Size-Incremental Numpy Array in Python

I just came across the need of an incremental Numpy array in Python, and since I haven't found anything I implemented it. I'm just wondering if my way is the best way or you can come up with other ideas.
So, the problem is that I have a 2D array (the program handles nD arrays) for which the size is not known in advance and variable amount of data need to be concatenated to the array in one direction (let's say that I've to call np.vstak a lot of times). Every time I concatenate data, I need to take the array, sort it along axis 0 and do other stuff, so I cannot construct a long list of arrays and then np.vstak the list at once.
Since memory allocation is expensive, I turned to incremental arrays, where I increment the size of the array of a quantity bigger than the size I need (I use 50% increments), so that I minimize the number of allocations.
I coded this up and you can see it in the following code:
class ExpandingArray:
__DEFAULT_ALLOC_INIT_DIM = 10 # default initial dimension for all the axis is nothing is given by the user
__DEFAULT_MAX_INCREMENT = 10 # default value in order to limit the increment of memory allocation
__MAX_INCREMENT = [] # Max increment
__ALLOC_DIMS = [] # Dimensions of the allocated np.array
__DIMS = [] # Dimensions of the view with data on the allocated np.array (__DIMS <= __ALLOC_DIMS)
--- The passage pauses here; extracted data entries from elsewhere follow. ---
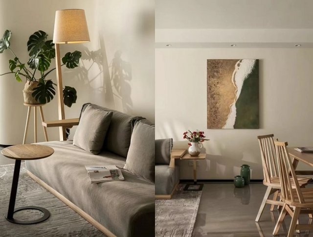 秋日的气息,总是与天然材质密不可分。一张原木沙发、桌椅等,其细腻纹理与暖木色交织,为整个空间奠定温暖基调,搭配棉麻坐垫、清新绿植,轻松打造出一片松弛安然的生活场域,让整个时空都“慢”下来。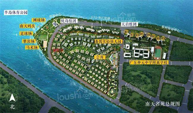 南天名苑位于广州市番禺区洛溪岛,是霍英东集团在广州精心打造的高端住宅项目。该项目占地面积达800亩(约53万平方米),总建筑面积为52.8万平方米,拥有极低的容积率1.06,提供了大约1200户住宅单位。项目的绿化设计与自然景观完美融合,旨在为居民提供一个舒适、宁静的生活环境。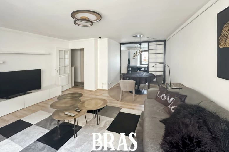 Rue Elie Delaunay - À proximité immédiate du Musée des Arts de Nantes, appartement de type 3 joliment MEUBLÉ de 68,81m², situé au 3ème étage avec ascenseur et offrant des prestations de qualité : une entrée avec placard, séjour de 23,54m², cuisine de 13,55m² aménagée et équipée (plaques induction 3 feux, lave vaisselle, machine à laver, sèche linge, réfrigérateur congélateur, four et micro-ondes), 2 chambres de 7,40m² et 8,85m² avec placard, une salle d'eau avec douche et meuble vasque, WC séparés.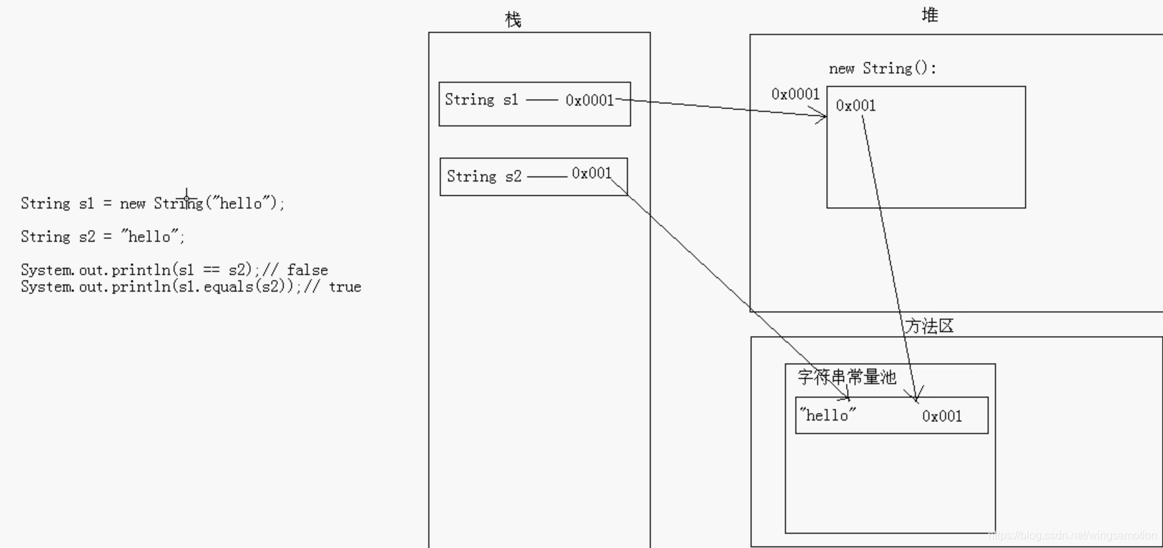 String字面值对象和构造方法创建对象的区别:前者会创建2个对象,后者创建1个对象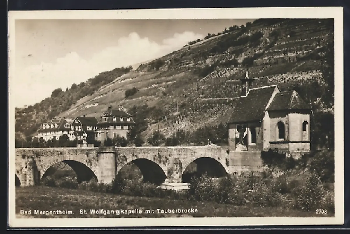AK Bad Mergentheim, St. Wolfgangkapelle mit Tauberbrücke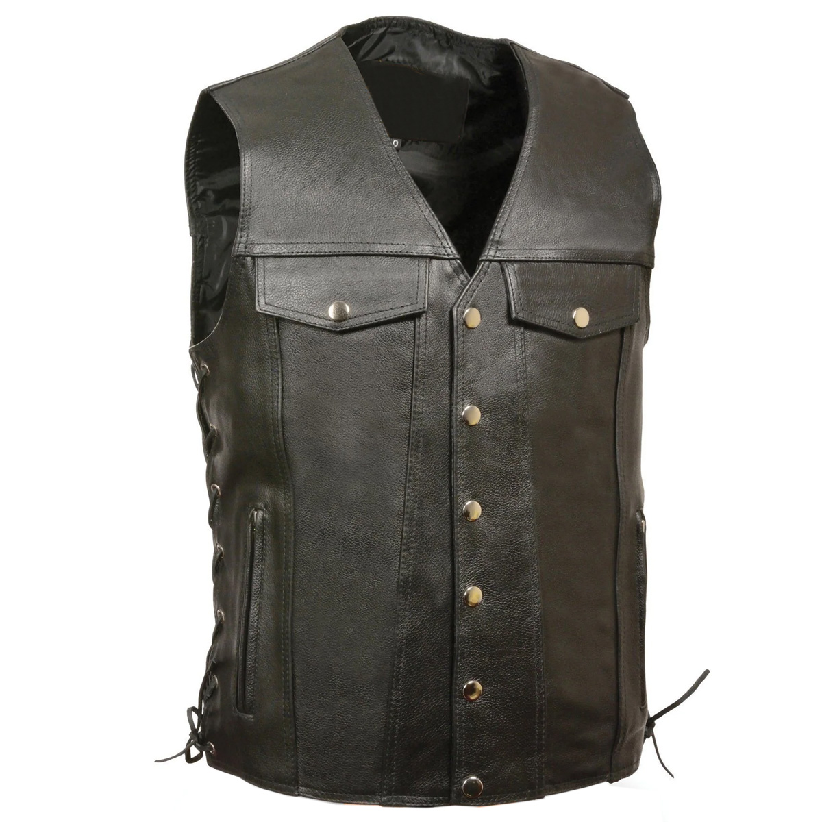 Made of Premium Milled Cowhide leatherClassic Snap Button Closure2 Lower Front Zippered Hand Warmer Pockets2 Denim Pocket Styles Chest PocketsAdjustable Side Laces for an Optimal FitInside Mesh Lining
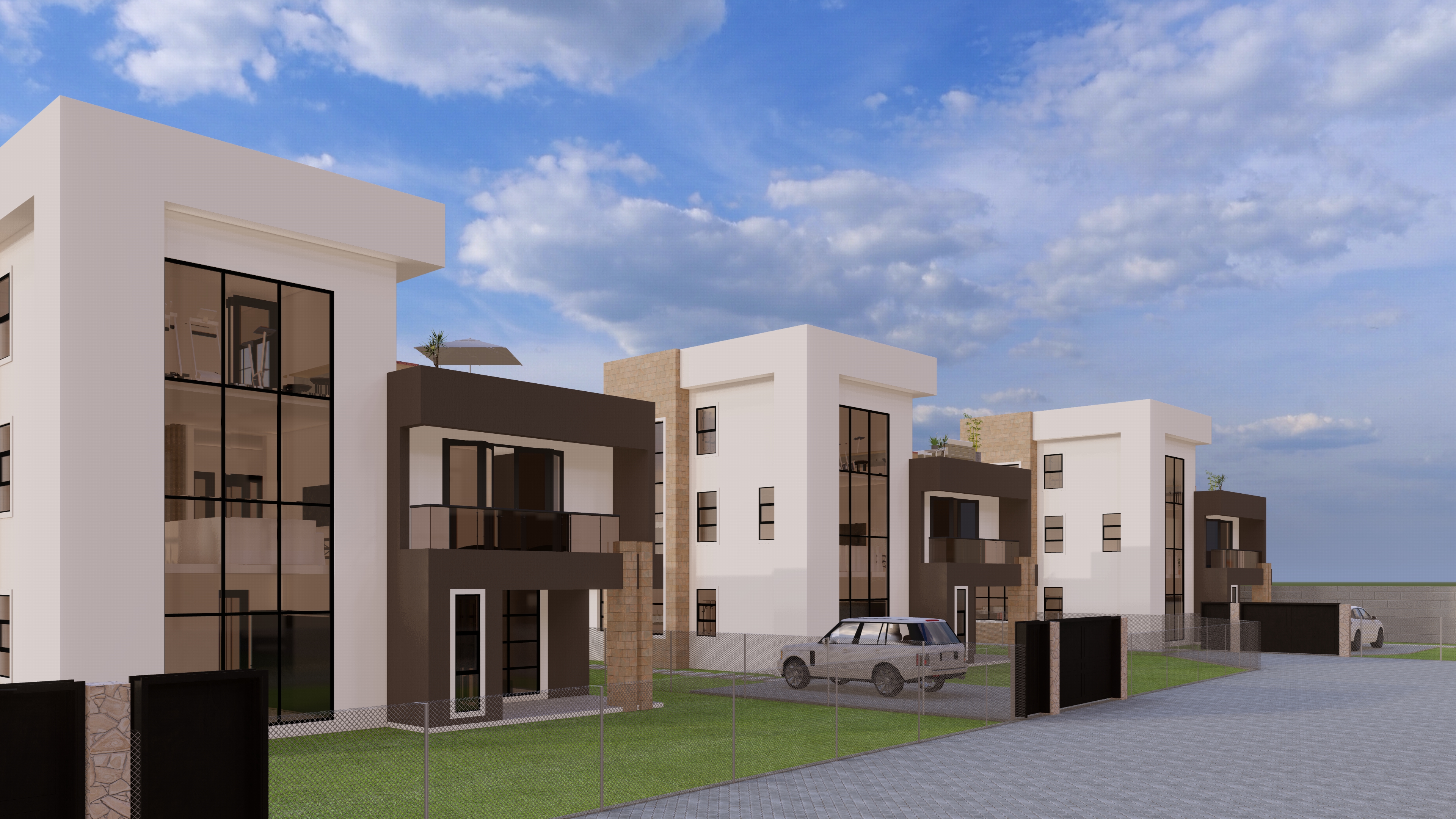 this is a housing estate add trees and vegetation inbackground to give it context have indoor warm lighting have modern street lighting on the short columns on each sides of the gate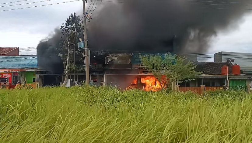 Dalam waktu singkat, kobaran api menjalar ke seluruh area gudang yang dipenuhi bahan mudah terbakar seperti oli, suku cadang motor, serta material bengkel lainnya.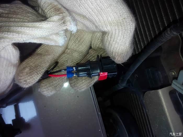 组装好的插头在正极一侧也用红胶带标示,然后拿到车上与从涡轮拔下来的控制线对接。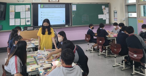2교시: 방수민 단원이 교구를 이용한 게임을 진행했습니다. 동영상 시청 후 조를 편성하여 게임을 진행했습니다. 게임의 중요 포인트를 묻는 방식으로 이해를 도왔습니다. 또한 질문이 있는 학생들에게 다가가 답변하며 게임의 이해를 도왔습니다.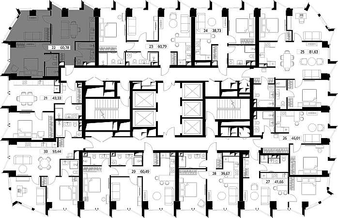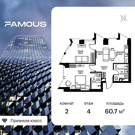 Продаётся 2-к квартира общей площадью 60.78 кв. м с предчистовой отделкой на 4-м этаже премиального небоскреба Famous.

__ARRAY = [] # Allocated array
def __init__(self,initData,allocInitDim=None,dtype=np.float64,maxIncrement=None):
self.__DIMS = np.array(initData.shape)
self.__MAX_INCREMENT = maxIncrement
if self.__MAX_INCREMENT == None:
self.__MAX_INCREMENT = self.__DEFAULT_MAX_INCREMENT
# Compute the allocation dimensions based on user's input
if allocInitDim == None:
allocInitDim = self.__DIMS.copy()
while np.any( allocInitDim < self.__DIMS ) or np.any(allocInitDim == 0):
for i in range(len(self.__DIMS)):
if allocInitDim[i] == 0:
allocInitDim[i] = self.__DEFAULT_ALLOC_INIT_DIM
if allocInitDim[i] < self.__DIMS[i]:
allocInitDim[i] += min(allocInitDim[i]/2, self.__MAX_INCREMENT)
# Allocate memory
self.__ALLOC_DIMS = allocInitDim
self.__ARRAY = np.zeros(self.__ALLOC_DIMS,dtype=dtype)
# Set initData
sliceIdxs = [slice(self.__DIMS[i]) for i in range(len(self.__DIMS))]
self.__ARRAY[sliceIdxs] = initData
def shape(self):
return tuple(self.__DIMS)
def getAllocArray(self):
return self.__ARRAY
def getDataArray(self):
"""
Get the view of the array with data
"""
sliceIdxs = [slice(self.__DIMS[i]) for i in range(len(self.__DIMS))]
return self.__ARRAY[sliceIdxs]
def concatenate(self,X,axis=0):
if axis > len(self.__DIMS):
print "Error: axis number exceed the number of dimensions"
return
# Check dimensions for remaining axis
for i in range(len(self.__DIMS)):
if i != axis:
if X.shape[i] != self.shape()[i]:
print "Error: Dimensions of the input array are not consistent in the axis %d" % i
return
# Check whether allocated memory is enough
needAlloc = False
while self.__ALLOC_DIMS[axis] < self.__DIMS[axis] + X.shape[axis]:
needAlloc = True
# Increase the __ALLOC_DIMS
self.__ALLOC_DIMS[axis] += min(self.__ALLOC_DIMS[axis]/2,self.__MAX_INCREMENT)
# Reallocate memory and copy old data
if needAlloc:
# Allocate
newArray = np.zeros(self.__ALLOC_DIMS)
# Copy
sliceIdxs = [slice(self.__DIMS[i]) for i in range(len(self.__DIMS))]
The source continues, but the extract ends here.